This school succeeded that of Thomas Denny's for the children of non-conformists, and opened in a room next to the old Congregational chapel. In 1852 it moved into the large schoolroom provided underneath the new Congregational chapel. The school was able to expand into the whole of this building when a larger chapel was built; the old chapel was refronted and the building became the British School. Up to 1871 the school was a voluntary one but in January of that year the school was taken over and became a government school.

In the early 1870s pupils were kept at home for seasonal jobs such as gardening, bird scaring in the cornfields, and potato digging. By 1873, under the Half Time Act children aged between 9 and 11 years could spend half their time at school and half doing paid work. In Mere some boys were working part time at the local silk mill. Until 1874 there were separate schools for boys and girls in the same building but from September of that year the two departments were merged and the school became known as the British Mixed School.
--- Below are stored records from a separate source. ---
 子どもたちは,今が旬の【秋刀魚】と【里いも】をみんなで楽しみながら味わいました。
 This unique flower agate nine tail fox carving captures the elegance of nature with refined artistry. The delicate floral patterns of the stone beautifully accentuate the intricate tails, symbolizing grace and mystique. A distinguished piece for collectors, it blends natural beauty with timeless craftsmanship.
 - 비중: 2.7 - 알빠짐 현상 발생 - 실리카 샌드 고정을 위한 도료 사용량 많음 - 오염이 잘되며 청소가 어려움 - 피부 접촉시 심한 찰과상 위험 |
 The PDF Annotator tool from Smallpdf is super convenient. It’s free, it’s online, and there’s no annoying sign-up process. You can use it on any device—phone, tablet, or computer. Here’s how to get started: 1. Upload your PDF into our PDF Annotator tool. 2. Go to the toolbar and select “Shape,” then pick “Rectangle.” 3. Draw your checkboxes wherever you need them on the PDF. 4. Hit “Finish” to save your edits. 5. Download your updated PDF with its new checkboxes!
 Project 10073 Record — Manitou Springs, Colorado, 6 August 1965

The school logbooks, deposited in the Wiltshire & Swindon Record Office in Trowbridge, provide very detailed information about children, parents and the world of the pupil teachers.
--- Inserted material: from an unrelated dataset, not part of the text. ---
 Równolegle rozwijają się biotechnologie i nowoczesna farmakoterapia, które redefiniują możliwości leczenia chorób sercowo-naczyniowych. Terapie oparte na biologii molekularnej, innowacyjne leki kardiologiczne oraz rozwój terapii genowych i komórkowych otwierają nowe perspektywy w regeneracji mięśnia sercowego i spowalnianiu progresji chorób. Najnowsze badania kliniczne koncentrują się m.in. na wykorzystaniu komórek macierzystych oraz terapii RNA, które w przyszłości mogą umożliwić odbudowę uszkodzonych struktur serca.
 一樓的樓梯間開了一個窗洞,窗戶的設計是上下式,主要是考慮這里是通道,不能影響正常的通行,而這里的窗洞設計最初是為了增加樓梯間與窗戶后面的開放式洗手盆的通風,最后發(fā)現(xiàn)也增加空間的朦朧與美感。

The children were taking monthly examinations in reading writing and arithmetic, while other subjects included spelling dictation, drawing, geography, history, grammar and needlework. There were four pupil teachers in 1876 and these were taught outside school hours by the headmaster, who also set them essays on specific themes in history and geography, and other subjects. The pupil teachers then taught their own groups of children during the normal school hours. All the older children were set homework. In the 1870s the attendance varied between 120 in bad weather and 150 in good weather. At this time evening classes were also being run and these attracted an average attendance of 31.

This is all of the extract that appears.